Итальянцы количественно, конечно, доминируют на выставке, но качественно впереди идут испанцы. И это несмотря на то, что величайший представитель их школы — Игнасий Сулоага — отсутствует.

Шедевром выставки я считаю картину Сарроги «Нагая танцовщица».

Перед вами терраса с широким видом на серьезные, строгие, величественные склоны Пиринеев. В углу сидит худая старая женщина в черном платье. Она устала, жизнь источила ее тело и лицо, как едкая влага точит камни, столько следов скорби и страдания осталось на этом желтом, когда–то, быть может, красивом лице. Ее глаза, черные, большие, горят беспокойным и колючим блеском: жизнь ее многому научила, она проницательна и недоверчива. Совсем другими глазами смотрит на вас ее молодая подруга: ее глаза полны какой–то неясной, томительной и нежной тоски, — в них и вопрос, и как будто стыд, и как будто мольба о пощаде или, может быть, о счастье; глаза очаровательные и жалкие, которые невозможно забыть. Ее голову обвила траурным крепом словно сама неумолимая судьба, ибо она предназначена быть жертвою. Она тихонько выступает вперед, вся нагая, тело ее изумительно стройное, молодое и гибкое, немного смуглое; она вытянулась, опустила руки вдоль корпуса и странным, египетским каким–то жестом подняла ладони рук перпендикулярно к телу. Обе женщины смотрят прямо на вас, одна в весенней тоске начала жизни, другая — в безотрадной тоске конца.

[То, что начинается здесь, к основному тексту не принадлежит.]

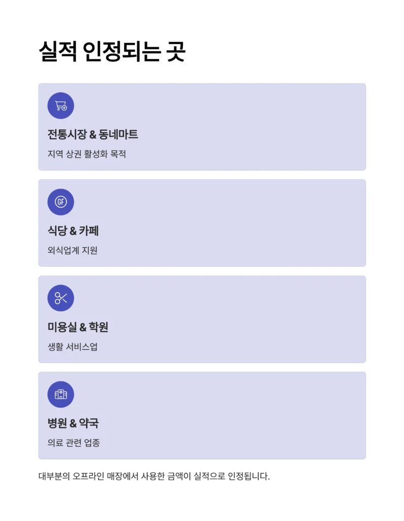 전통시장, 동네마트, 식당, 카페, 미용실, 학원, 병원, 약국, 주유소 등 대부분의 오프라인 매장에서 사용한 금액이 실적으로 인정됩니다.

Гамма красок, развитая Саррогой, необычайно благородна, картина сразу поражает глаз и не отпускет вас одним уж сочетанием своих немного блеклых, сдержанных тонов, своих прозаических, трезвых сочетаний, которые я назвал бы веласкесовскими, если бы траурная черная нота, прорывающаяся, как басы в похоронном марше, не сближала эту картину, скорее, с манерой Гойи.

Совершенно иным является перед вами Саррога в роскошью дышащей картине «Осень»: иным потому, что манера здесь совсем другая, совсем другая гамма красок. Но он все тот же самыи по характеру идеи и полновесности ее художественного выполнения.

Здесь задний план занят смелыми купами деревьев, взлетающими к небу, как фантастические клубы зеленого дыма, и странными лужайками в стиле Ренессанса, с прудами в мраморных бордюрах и какими–то неясными, грациозными фигурками. На первом плане — аллегорическая фигура, какие любили в конце XV и начале XVI века. Обнаженная женщина, родная сестра Венер Беллини, причесывает свои золотые волосы, глядя в зеркало. Это зеркало держит, прячась за ним, крепкий старик с лицом фавна, в морщинах которого читаются сладострастие, жестокая ирония, почти сатанинское торжество. Перед стариком опрокинутая корзина, из которой роскошным водопадом выпали тяжелые, разноцветные, раззолоченные, так и дышащие ароматом осенние плоды, — в таком великолепии, какое редко удается встретить даже на полотнах голландских специалистов по nature morte. Все полно той спокойной, зрелой, торжественной красотой, которая характерна для солнечных дней осени. И золотоволосая женщина гордо любуется в зеркало своей триумфальной весенней красотой, не видя, что за ним прячется дьявольская насмешка, которая знает, что эта красота — последняя, что это на вид спокойное самолюбование есть апофеоз перед концом.